- _Record set_
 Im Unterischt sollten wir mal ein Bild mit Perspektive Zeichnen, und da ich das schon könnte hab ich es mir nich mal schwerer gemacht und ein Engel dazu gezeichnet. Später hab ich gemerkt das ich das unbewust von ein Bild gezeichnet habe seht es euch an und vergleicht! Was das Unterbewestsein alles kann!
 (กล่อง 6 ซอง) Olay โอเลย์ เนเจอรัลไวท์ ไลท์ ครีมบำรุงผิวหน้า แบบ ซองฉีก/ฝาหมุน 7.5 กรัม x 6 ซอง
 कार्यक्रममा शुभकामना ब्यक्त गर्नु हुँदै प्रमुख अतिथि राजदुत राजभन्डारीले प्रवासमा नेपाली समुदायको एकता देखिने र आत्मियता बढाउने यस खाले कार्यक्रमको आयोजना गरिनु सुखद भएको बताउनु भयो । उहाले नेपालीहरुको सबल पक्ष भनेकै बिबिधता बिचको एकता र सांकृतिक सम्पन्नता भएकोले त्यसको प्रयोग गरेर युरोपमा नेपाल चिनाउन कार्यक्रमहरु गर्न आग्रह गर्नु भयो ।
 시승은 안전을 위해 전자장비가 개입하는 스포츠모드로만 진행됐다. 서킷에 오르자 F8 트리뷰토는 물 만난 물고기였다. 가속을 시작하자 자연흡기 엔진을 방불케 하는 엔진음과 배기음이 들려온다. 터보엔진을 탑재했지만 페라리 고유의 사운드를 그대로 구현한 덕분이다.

...

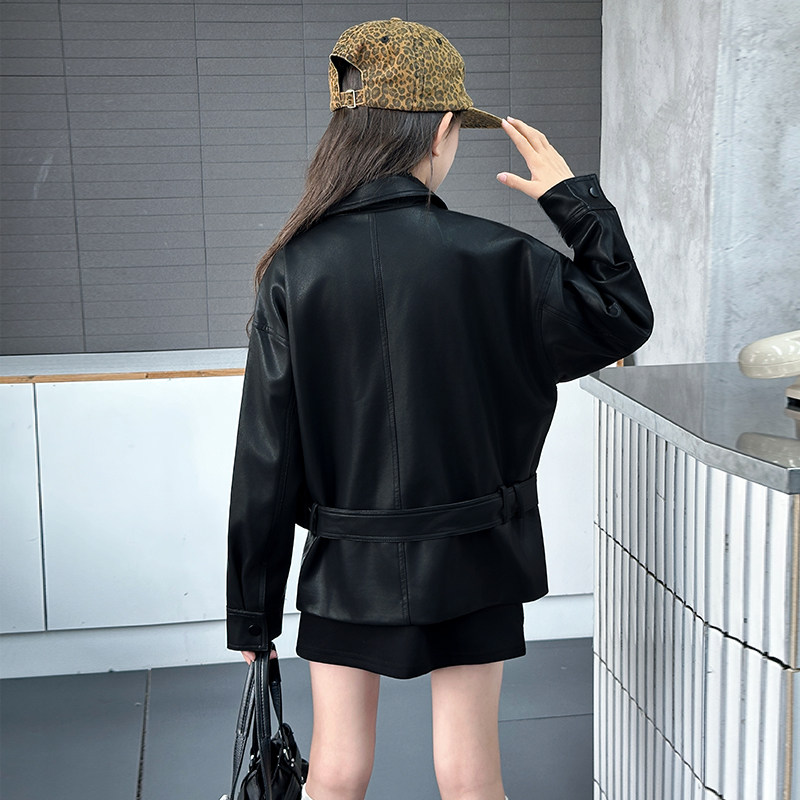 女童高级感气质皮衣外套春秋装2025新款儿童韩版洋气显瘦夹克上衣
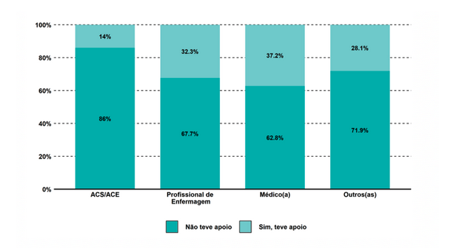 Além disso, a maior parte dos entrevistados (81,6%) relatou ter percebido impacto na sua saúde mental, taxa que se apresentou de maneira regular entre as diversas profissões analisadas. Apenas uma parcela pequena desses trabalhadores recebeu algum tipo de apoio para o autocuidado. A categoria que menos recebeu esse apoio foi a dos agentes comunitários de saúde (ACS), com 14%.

- _The problem_
Within the data above, the span starting at the line containing "(กล่อง 6 ซอง)" and ending at the line containing "시승은 안전을 위해 전자장비가" is to be retyped exactly, with no other lines.

- _Written solution_
 (กล่อง 6 ซอง) Olay โอเลย์ เนเจอรัลไวท์ ไลท์ ครีมบำรุงผิวหน้า แบบ ซองฉีก/ฝาหมุน 7.5 กรัม x 6 ซอง
 कार्यक्रममा शुभकामना ब्यक्त गर्नु हुँदै प्रमुख अतिथि राजदुत राजभन्डारीले प्रवासमा नेपाली समुदायको एकता देखिने र आत्मियता बढाउने यस खाले कार्यक्रमको आयोजना गरिनु सुखद भएको बताउनु भयो । उहाले नेपालीहरुको सबल पक्ष भनेकै बिबिधता बिचको एकता र सांकृतिक सम्पन्नता भएकोले त्यसको प्रयोग गरेर युरोपमा नेपाल चिनाउन कार्यक्रमहरु गर्न आग्रह गर्नु भयो ।
 시승은 안전을 위해 전자장비가 개입하는 스포츠모드로만 진행됐다. 서킷에 오르자 F8 트리뷰토는 물 만난 물고기였다. 가속을 시작하자 자연흡기 엔진을 방불케 하는 엔진음과 배기음이 들려온다. 터보엔진을 탑재했지만 페라리 고유의 사운드를 그대로 구현한 덕분이다.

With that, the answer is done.